It has been a while since I’ve truly sat down and written a blog. Life has been full not always in the ways we expect or choose but full nonetheless. Today I wanted to share a few important updates and reflections that have been heavy on my heart lately.
A Health Update and Learning to Give Myself Grace
Right now, I am still down with an acute flare on top of chronic pancreatitis, along with an infection that is thankfully starting to improve. I truly feel blessed that I went in for care when I did, because if I’m being honest, going in is very hard for me. I tend to push through and put it off longer than I should.
This season has also meant missing two weeks of church and missing Bible study a couple of times and that has been difficult for my heart. But I am learning something deeply important: I have to give myself grace.
Even when I cannot physically be present, I am still in the Word. I am still learning. I am still committed. I am doing three Bible studies because I love being in Scripture and growing in understanding. My faith is not measured by attendance alone it is measured by relationship.
And this is the truth I want to hold onto:
Hard times will never take me away from my closeness with God.
We will all be tested in life. True faith is not just believing in the good moments it is trusting Him in the painful, exhausting, uncertain ones too. That is what real faith looks like. And I am choosing that every single day.
Breaking Cycles and Setting Boundaries
Something else I have been noticing more and more both personally and on social media is how easy it is for people to repeat unhealthy cycles simply because change is uncomfortable.
Setting boundaries is hard.
Speaking truth is hard.
Walking away from draining situations is hard.
But staying stuck is harder.
In my Bible study through Proverbs, we’ve been reflecting deeply on wisdom, character, the power of the tongue, and what it truly means to live with integrity. One thing that stands out clearly is this:
Yes we are called to forgive.
But forgiveness does not mean the absence of boundaries.
Discernment matters.
If you feel drained
If you feel constantly pulled into gossip or slander
If you feel surrounded by negativity, drama, or harmful talk…
That is a signal to pay attention.
I genuinely pray for those who struggle with gossip, slander, and destructive speech. Not from a place of judgment, but from a place of truth because it harms not only others, but the person speaking it as well. It shapes character. It reflects the heart. And it leads nowhere good.
If this is something you struggle with, accountability is the first step. Change is possible. Growth is possible. But it requires honest reflection and intentional effort.
As for me, I choose not to participate in it online or offline. I will not entertain it. I will not remain around it. Character matters too much.
And I want to be very clear about something else:
I am not perfect. I never have been. I have been guilty of these things in the past too. But I am proud of who I am becoming. Growth is the goal. Transformation is the journey.

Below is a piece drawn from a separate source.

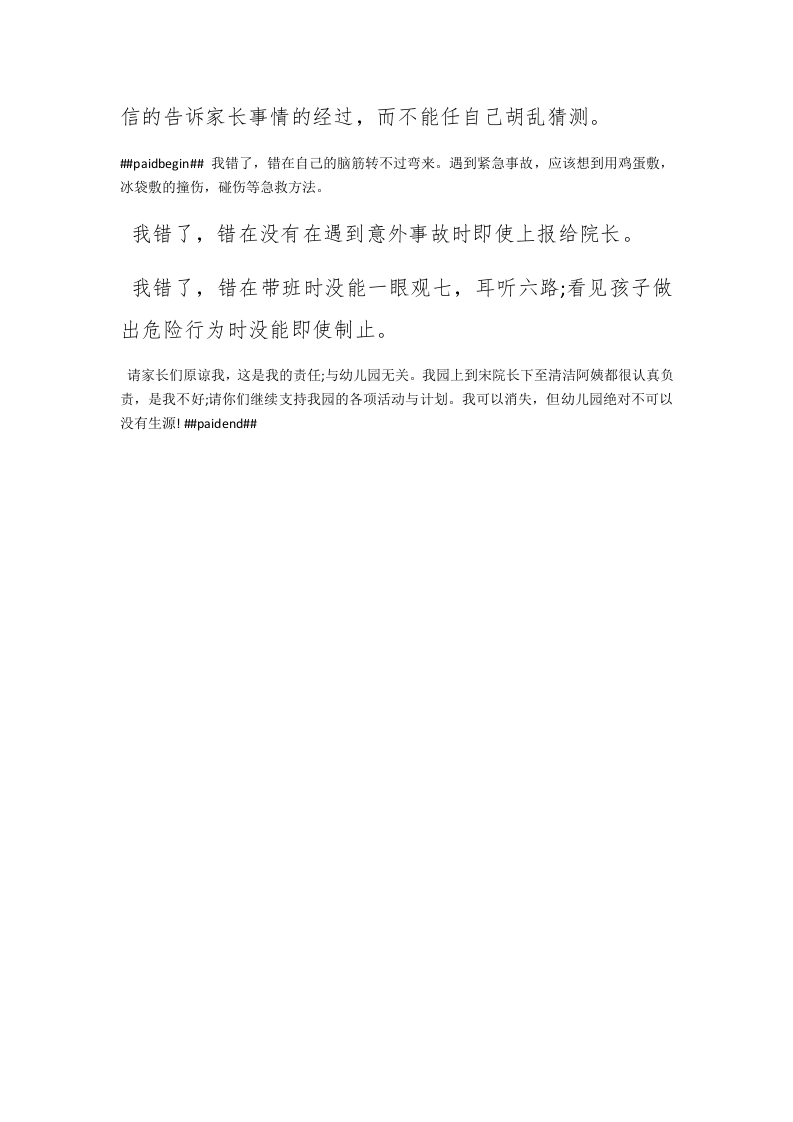 20XX被投诉工作检讨书范文今天早上又给一位家长投诉了!原因是昨天下午时分观察到有个孩子的右眼角给硬物撞到了,很明显的出现了淤青。看到了孩子的这种情况,我和班上的黄老师马上叫了在医务室的医生来。由于是接近放学的时刻(大概是四点二十五分),医生和心急如焚的我们都非常急切的想知道事情的来龙去脉,可孩子想了半天,只说了几个字:在桌上,在家,玩游戏。面对这样突然的情况,我们和医生都傻眼了:怎么办?根据孩子的说法,我们就很主观的想:是否孩子早上在家碰到,直到下午才出现淤青的情况呢?但是早上在接孩子时,观察了他的脸是没有任何异样的。于是自己也慌了神!询问了医生是否需要搽药,她说离眼晴太近了,不能搽。就这样,一直到家长来接我才对爸爸讲了一下事情的经过;告诉家长:孩子说可能是在家里弄到的,需要注意一下。谁知到了晚上,孩子竟对家长说:是某老师教我这样说的。这就变成了是我在说谎了!到了今早孩子的爷爷就气不打一处来,质问我是如何教孩子说谎话的?如果我真的有这样做,那我就不是一名合格的教师,我早就该进监狱里反省一辈子了!我是做错了,错在没有坚持自己的观点,明知道孩子早上是完好的回来,就要坚持问出孩子是在那里碰到的;要真实可

Being surrounded by wise teaching and people who pursue truth is a blessing I do not take lightly.
Looking Ahead The March Challenge Is Ready
On a lighter and exciting note my March challenge is already completed! I had some time to work on it, and even while I’m physically down, I stay busy in ways that give me purpose.
This upcoming challenge is incredibly meaningful, and I truly believe everyone can benefit from it in some way. I am very excited to share it soon.

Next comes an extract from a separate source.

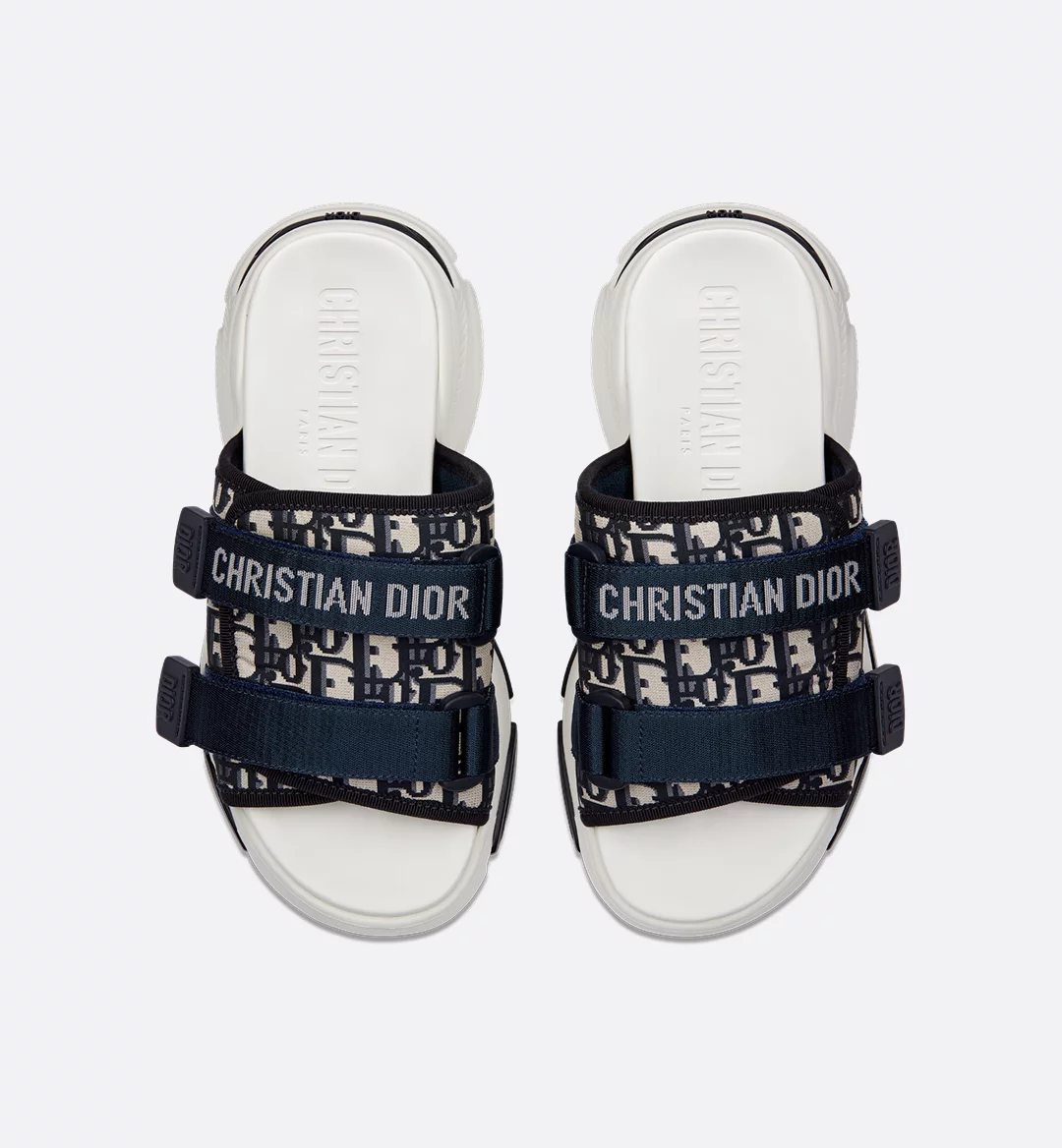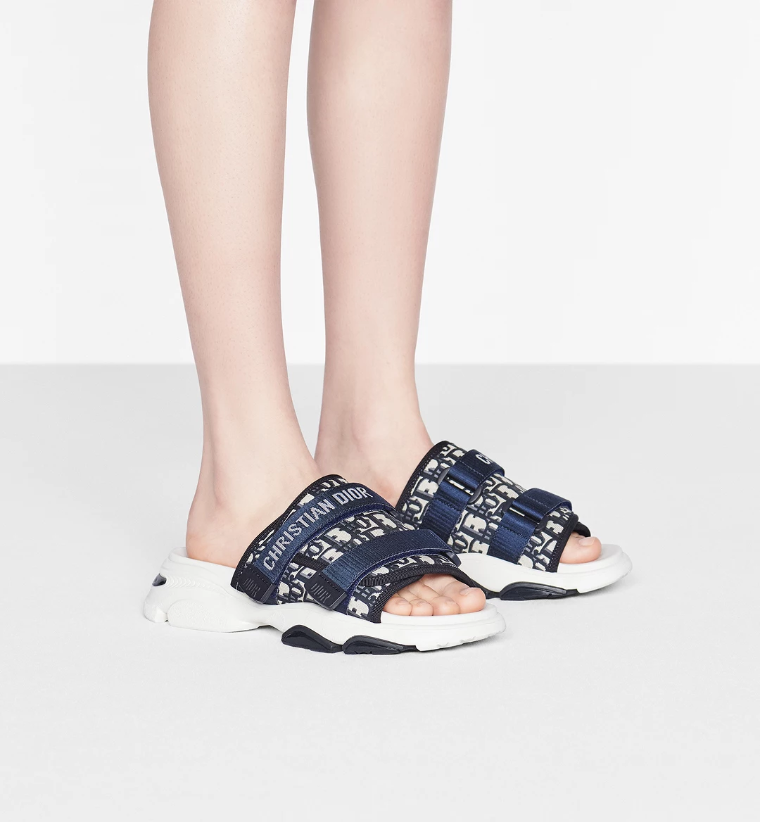 The D-Wander slide is a hybrid design combining both sneaker and sandal. Featuring a comfortable ultralightweight EVA sole with adjustable self-fastening straps, it has an athletic and relaxed silhouette. The deep blue Dior Oblique motif on the upper and the Christian Dior signature on the upper strap complete the look.

A Weekly Challenge for You
As we move into this week, I want to leave you with something simple but powerful.
Take a moment and ask yourself:
What is one thing about me that I know needs to change?
We all have something. A habit. A mindset. A reaction. A pattern.

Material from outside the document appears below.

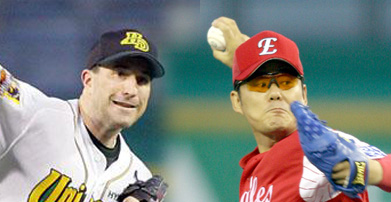 명실상부한 에이스간 맞대결이다. 준플레이오프와 마찬가지로 최대 승부처인 1차전에서 양보할 수 없는 일전을 펼치게 됐다. 13일 오후 6시 수원구장에서 열리는 현대와 한화의 플레이오프 1차전 선발로 캘러웨이와 문동환이 각각 예고됐다. 예상했던 대로 양 팀의 에이스간 충돌이다. 준플레이오프는 한화의 승리로 1차전 승리팀이 100% 진출했다는 통계가 또 한 번 들어맞았다. 플레이오프는 지난해까지 총 22번 중 17차례나 1차전 승리 팀이 한국시리즈에 진출했다. 77.3%의 승률이다. 이처럼 중요한 1차전이기에 에이스가 '선봉장'으로 나서는 것은 당연하다. 캘러웨이는 올 시즌 현대 마운드를 이끌어온 외국인 우완 에이스. 한화 문동환도 경험이 풍부한 우완 에이스다. 캘러웨이는 올시즌 14승7패(공동 4위)에 방어율 2.87(6위)로 팀 내에선 다승 공동 1위, 방어율 2위를 기록했다. 시즌 중반 주춤하기도 했지만 지난 8월 15일 두산전 이후 내리 7연승을 달리며 에이스의 위용을 과시했다. 140㎞대 중반의 빠른 공과 너클 커브 등 다양한 변화구로 상대를 농락한다. 올해 새로 레퍼터리로 장착한 너클 포크볼의 위력이 대단하다. 한화전에는 4경기에 나와 2승1패 방어율 1.50의 호성적을 기록했다. 한화로선 캘러웨이를 어떻게 공략할 것인가가 관건이다. 한화는 준플레이오프서 상승세를 탔던 고동진 이범호의 화끈한 공격력을 앞세워 1차전 승리를 따낼 태세다. 문동환 역시 한화 승리를 위해 주무기인 '돌직구'의 위력을 과시할 전망이다. 문동환은 묵직한 직구 외에 슬라이더, 체인지업이 뛰어나다. 문동환도 정규 시즌서 역시 현대에 강했다. 올 시즌 16승 중 3승을 현대전에서 얻었고 방어율도 2.86으로 시즌 방어율(3.05)보다 좋다. 게다가 지난 6월 30일 9이닝을 6안타 무실점으로 7년 만에 완봉승의 기쁨을 누렸던 상대가 바로 현대였다. 김인식 감독은 12일 미디어데이 행사에서 "문동환-류현진의 선발 로테이션을 준플레이오프 때처럼 고수할 수 밖에 없다. 3, 4위팀의 불리한 점이다. 바꾸고 싶어도 시간적으로 할 수가 없다"며 문동환을 1차전 선발로 내세운 배경을 설명했다. 하지만 KIA와의 준플레이오프에서 한 번도 등판하지 않았던 정민철이 현대전에 좋은 기록(2승1패, 방어율 2.57)을 가지고 있음에도 불구하고 에이스인 문동환을 1차전 선발로 꺼내 든 것은 역시 '믿음의 야구'임을 보여주는 대목이다. 에이스이므로 1차전 선발로 출격, 기대에 부응할 것이란 믿음을 갖고 있는 것이다. 플레이오프 승부의 향방이 걸려 있는 1차전서 과연 누가 웃게 될지 지켜볼 일이다.

So here is my challenge to you this week:
👉 Identify it.
👉 Acknowledge it.
👉 Start changing it.
Even in a small way.
Growth happens when we are honest with ourselves.
And I think I may start doing a weekly challenge like this because intentional growth should be part of our everyday lives.
Closing Thoughts
I hope you all had a beautiful weekend and a meaningful holiday. My prayer is that this week brings you clarity, strength, and peace.
And if you are walking through something difficult right now physically, emotionally, or spiritually remember this:
You can give yourself grace.
You can choose growth.
You can guard your heart.
And you can stay close to God through all of it.